What to do —
Write out the entries exactly, pictures excluded.

------------------------------

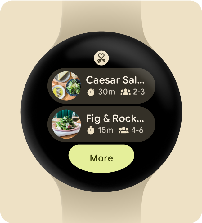 Comme Material 3 Expressive traite les rôles de couleur, Wear OS applique la couleur aux expériences individualisées avec une expression de couleur dynamique et accessible. Wear OS n'utilise que le thème sombre, car l'interface du wearable est conçue sur un arrière-plan noir. Étant donné qu'il s'agit d'une plate-forme exécutée sur des appareils tactiles, Wear OS dispose également d'une palette de couleurs plus limitée, car il ne nécessite pas autant d'états de survol et de mise au point. Utilisez les outils de création de thèmes de couleurs spécifiques à Wear OS pour créer un thème personnalisé autour de votre marque, et générer les palettes de référence complètes et les rôles de couleur attribués qui prennent en charge les jetons Material Design et sont conçus pour fonctionner de manière transparente avec les composants d'UI du système.
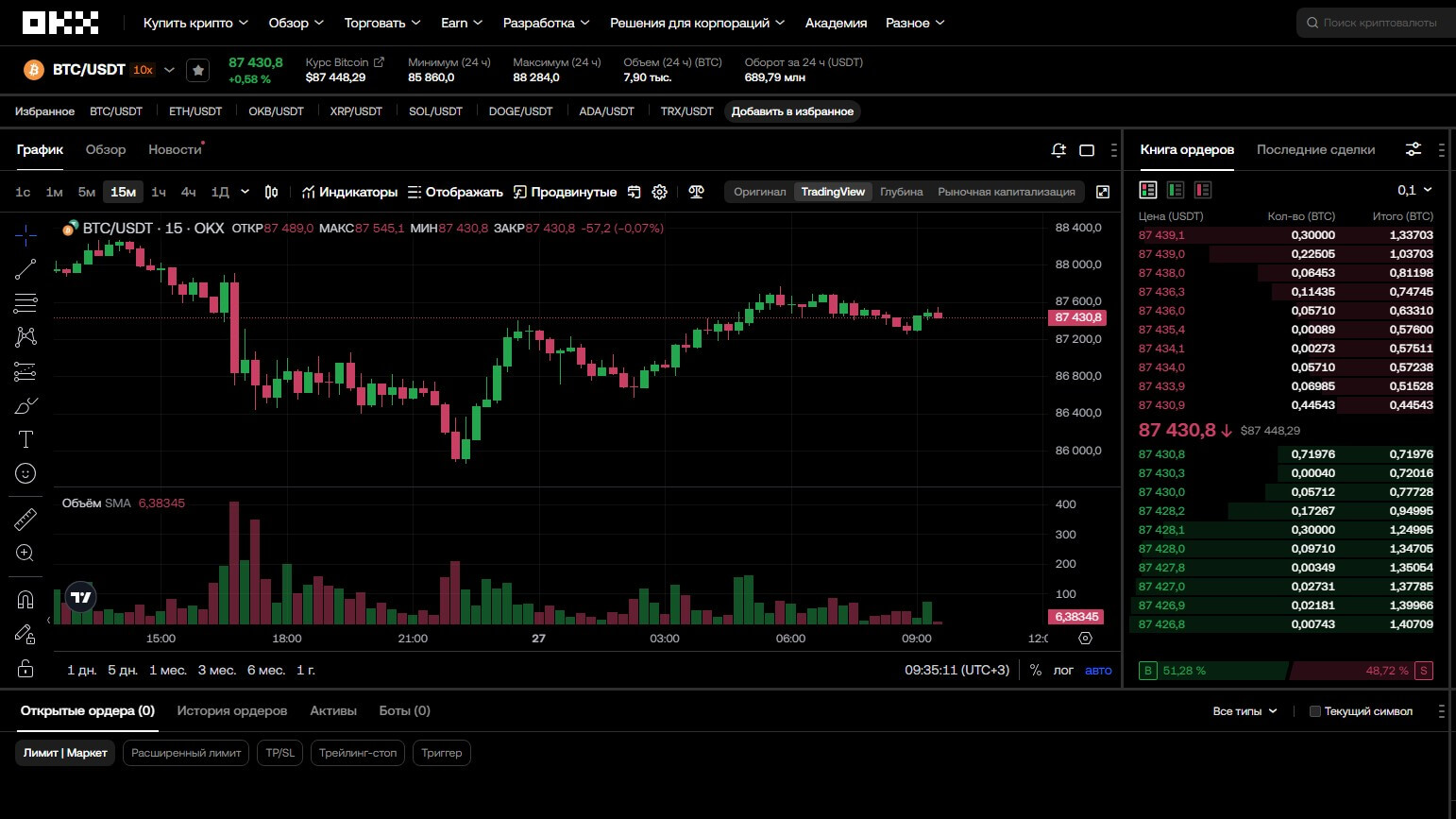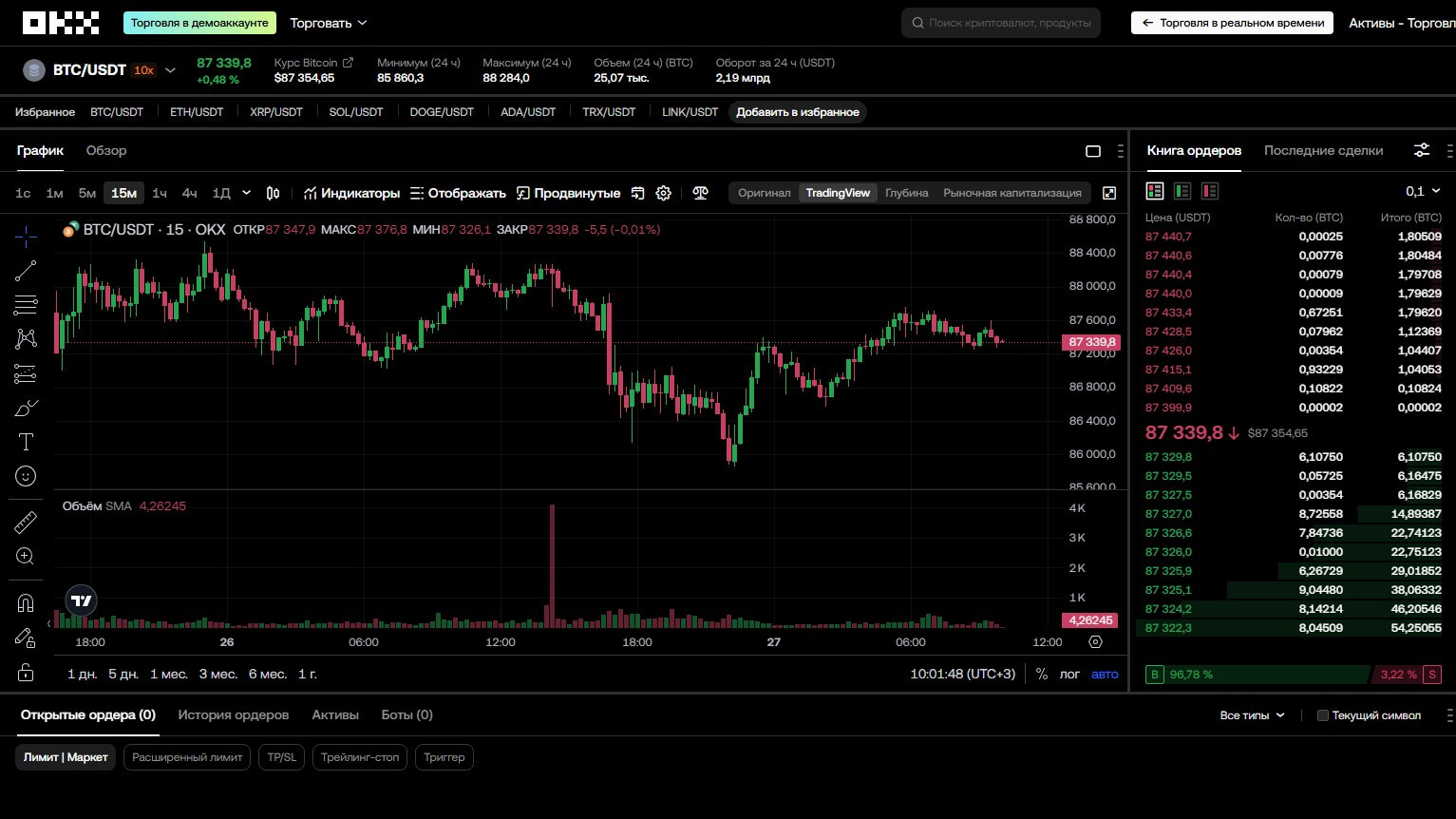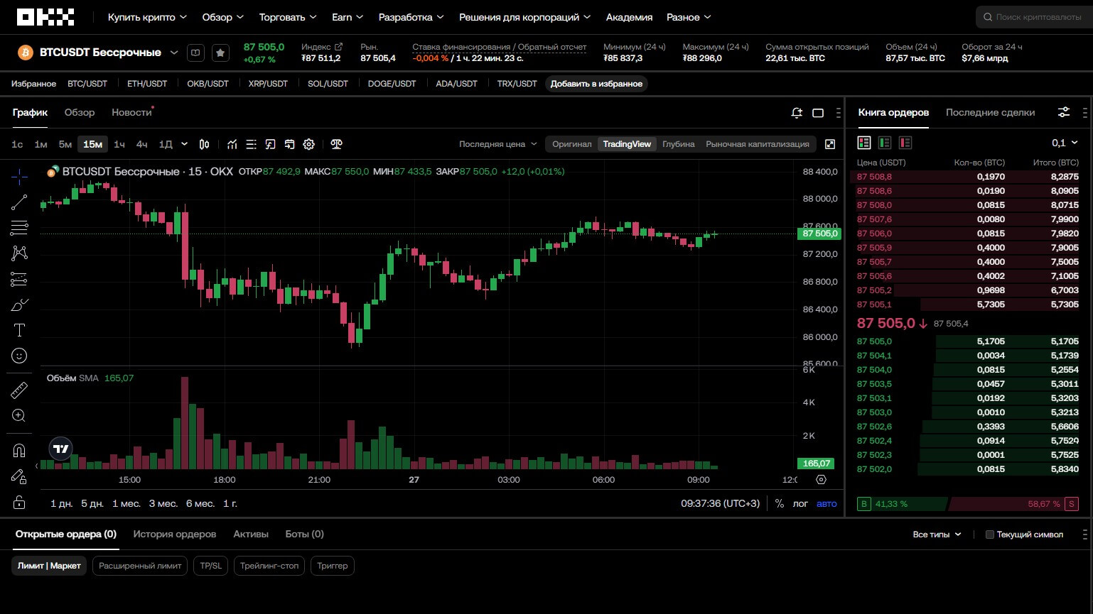 Кроме того, OKX предоставляет встроенные инструменты теханализа, в частности, графики TradingView, индикаторы, настройку пользовательских шаблонов.
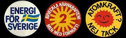 År 1980 hölls en folkomröstning om kärnkraftens framtid i Sverige. Bilden visar de tre alternativens slogans som pins eller knappar. Linje 1 (till vänster) stod för en avveckling i den takt det var möjligt, linje 2 (mitten) stod för i stort sett samma som linje 1, men att kärnkraften skulle ägas av stat och kommun. Linje 3 (till höger) ville ha en avveckling av kärnkraften inom tio år. Linje 2 vann folkomröstningen.
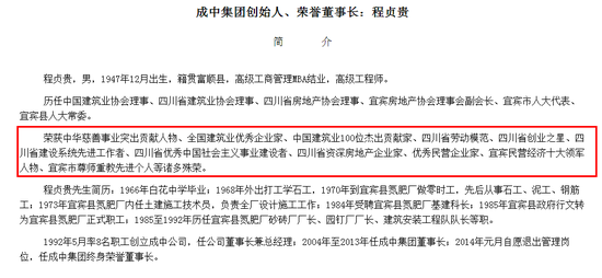 四川成中控股集团官网介绍:程贞贵不仅担任多个社会职务,还有诸多荣誉在身,包括中华慈善事业突出贡献人物、全国建筑业优秀企业家、中国建筑业100位杰出贡献家、四川省劳动模范、四川省创业之星、四川省建设系统先进工作者、四川省优秀中国社会主义事业建设者、四川省资深房地产企业家、优秀民营企业家、宜宾民营经济十大领军人物、宜宾市尊师重教先进个人等诸多殊荣。
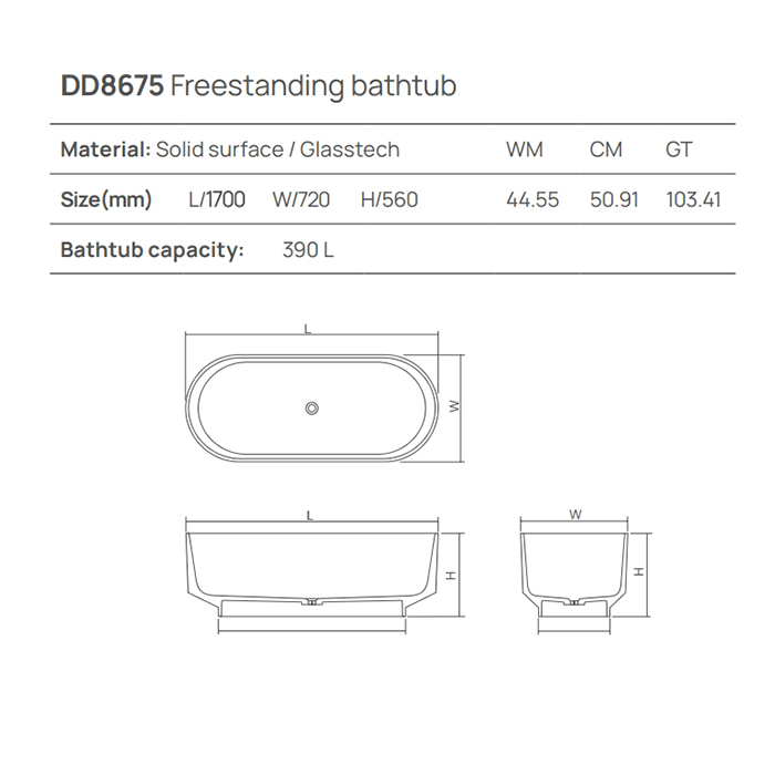DEA DESIGN Shadow Ванна 1700х720хh560 мм отдельностоящая, цвет белый

------------------------------

Response area —
 Comme Material 3 Expressive traite les rôles de couleur, Wear OS applique la couleur aux expériences individualisées avec une expression de couleur dynamique et accessible. Wear OS n'utilise que le thème sombre, car l'interface du wearable est conçue sur un arrière-plan noir. Étant donné qu'il s'agit d'une plate-forme exécutée sur des appareils tactiles, Wear OS dispose également d'une palette de couleurs plus limitée, car il ne nécessite pas autant d'états de survol et de mise au point. Utilisez les outils de création de thèmes de couleurs spécifiques à Wear OS pour créer un thème personnalisé autour de votre marque, et générer les palettes de référence complètes et les rôles de couleur attribués qui prennent en charge les jetons Material Design et sont conçus pour fonctionner de manière transparente avec les composants d'UI du système.
 Кроме того, OKX предоставляет встроенные инструменты теханализа, в частности, графики TradingView, индикаторы, настройку пользовательских шаблонов.
 År 1980 hölls en folkomröstning om kärnkraftens framtid i Sverige. Bilden visar de tre alternativens slogans som pins eller knappar. Linje 1 (till vänster) stod för en avveckling i den takt det var möjligt, linje 2 (mitten) stod för i stort sett samma som linje 1, men att kärnkraften skulle ägas av stat och kommun. Linje 3 (till höger) ville ha en avveckling av kärnkraften inom tio år. Linje 2 vann folkomröstningen.
 四川成中控股集团官网介绍:程贞贵不仅担任多个社会职务,还有诸多荣誉在身,包括中华慈善事业突出贡献人物、全国建筑业优秀企业家、中国建筑业100位杰出贡献家、四川省劳动模范、四川省创业之星、四川省建设系统先进工作者、四川省优秀中国社会主义事业建设者、四川省资深房地产企业家、优秀民营企业家、宜宾民营经济十大领军人物、宜宾市尊师重教先进个人等诸多殊荣。
DEA DESIGN Shadow Ванна 1700х720хh560 мм отдельностоящая, цвет белый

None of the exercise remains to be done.